Brander, Williams & Co. v. Morgan

12 Tex. 332
CourtTexas Supreme Court
DecidedJuly 1, 1854
StatusPublished
Cited by3 cases

This text of 12 Tex. 332 (Brander, Williams & Co. v. Morgan) is published on Counsel Stack Legal Research, covering Texas Supreme Court primary law. Counsel Stack provides free access to over 12 million legal documents including statutes, case law, regulations, and constitutions.

Bluebook
Brander, Williams & Co. v. Morgan, 12 Tex. 332 (Tex. 1854).

Opinion

Wheeler, J.

The only effect, which can be claimed from the judicial proceeding upon the attachment and garnishment in the State of Louisiana, is that it operated as an assignment of the receipt given by Young & Morgan for"the collection of the notes and accounts placed in their hands by Smith, Gorin & Co., for collection.
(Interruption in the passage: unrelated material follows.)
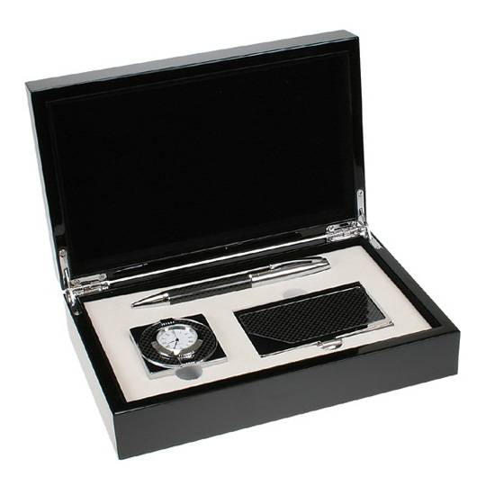 The featured set comes with a retractable ballpoint pen, a small desk clock and a name card holder. It is suitable as a gift set or a souvenir. The set can be used both at home and in the office.
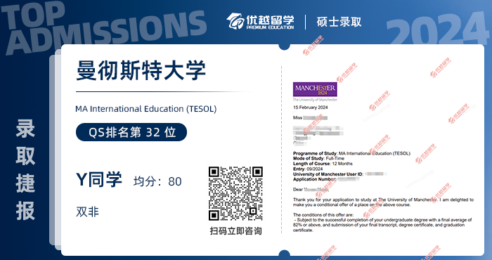 以上是【曼徹斯特大學offer雨來襲!快看看曼大更愛什么樣的學生 ?】相關(guān)的全部內(nèi)容,查看更多【offer榜單】、【名校案例】相關(guān)資訊可前往【優(yōu)越留學】首頁!世界名校申請,找優(yōu)越留學!選校定校、申請規(guī)劃、文書寫作、背景提升、方案定制一套搞定!點擊【在線咨詢】,優(yōu)越留學顧問24h在線為您一對一解答!

But the receipt, or more properly, the monies collected and to be collected, by Young & Morgan had been previously assigned to Mason, executor of Smith. It cannot be pretended, that the subsequent assignment of this receipt in Louisiana, if effectual to vest in the assignees the right to recover the monies and claims in the hands of the attorneys in this State, could have the effect to supersede and annul the previous assignment; or that it entitled the plaintiffs to a recovery in this action.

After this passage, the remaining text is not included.